CUPE Ontario is marking the end of 2023 with a shout-out to the determined CUPE members who belong to the OMERS (Ontario Municipal Employees Retirement System) pension plan: this year, these members ran a successful campaign, Cancel the Cuts, and their activism has ensured that no reductions will be made to their OMERS pensions.
Their campaign began as a fightback against anticipated reductions to the pensions of OMERS retirees. For two years, OMERS’ Sponsors Corporation (SC) had been conducting a review, which it called “plan risk assessment” of the pension plan. The review was carried out in secret and behind closed doors, leading plan members to suspect that cuts were in the works.
The Cancel the Cuts campaign was created in early 2023, with CUPE Ontario working alongside fellow plan sponsor OPSEU/SEFPO. The campaign trained dozens of pension activists to mobilize plan members to fight any proposals for changes to OMERS. They held meetings with workplace colleagues, worked with CUPE locals to pass resolutions against cuts to OMERS, and gathered signatures on petitions.
Victory came in late fall when, after the years-long review, OMERS’ Sponsors Corporation confirmed that no cuts would be made to the existing plan.
“We knew that there was no case to be made that could justify cuts to members’ pensions. Cancel the Cuts was a sign to OMERS that it would have a fight on its hands if it had gone ahead with changes,” said CUPE Ontario president Fred Hahn.
“All signs were pointing to the sponsors corporation’s review being a justification of cuts to workers’ pensions. But union members weren’t going to stand for that: they got involved, they mobilized, they spoke to other plan members, and they showed OMERS that it would have a fight on its hand if it tried to cut our pensions.”
Hahn spoke with pride of the work by CUPE members to ensure no cuts were made to the plan.

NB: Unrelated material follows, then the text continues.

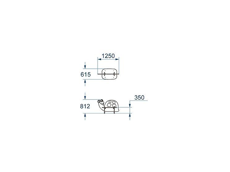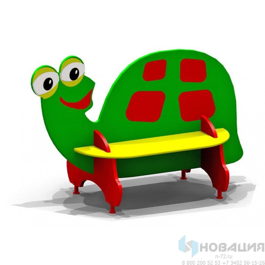 Изделие состоит из 2-х сидений, разделенных фигурной спинкой с изображением черепахи, и 4-х опор.

“This year saw a major win for all OMERS plan members. We are all deeply grateful to the activists who spoke up to defend their and their colleagues’ pensions. The lesson we hope the SC has learned is that they can’t say they’ve consulted us and then do whatever they want – unions should have a direct and unencumbered voice at the table, and we won’t be satisfied until we get it.”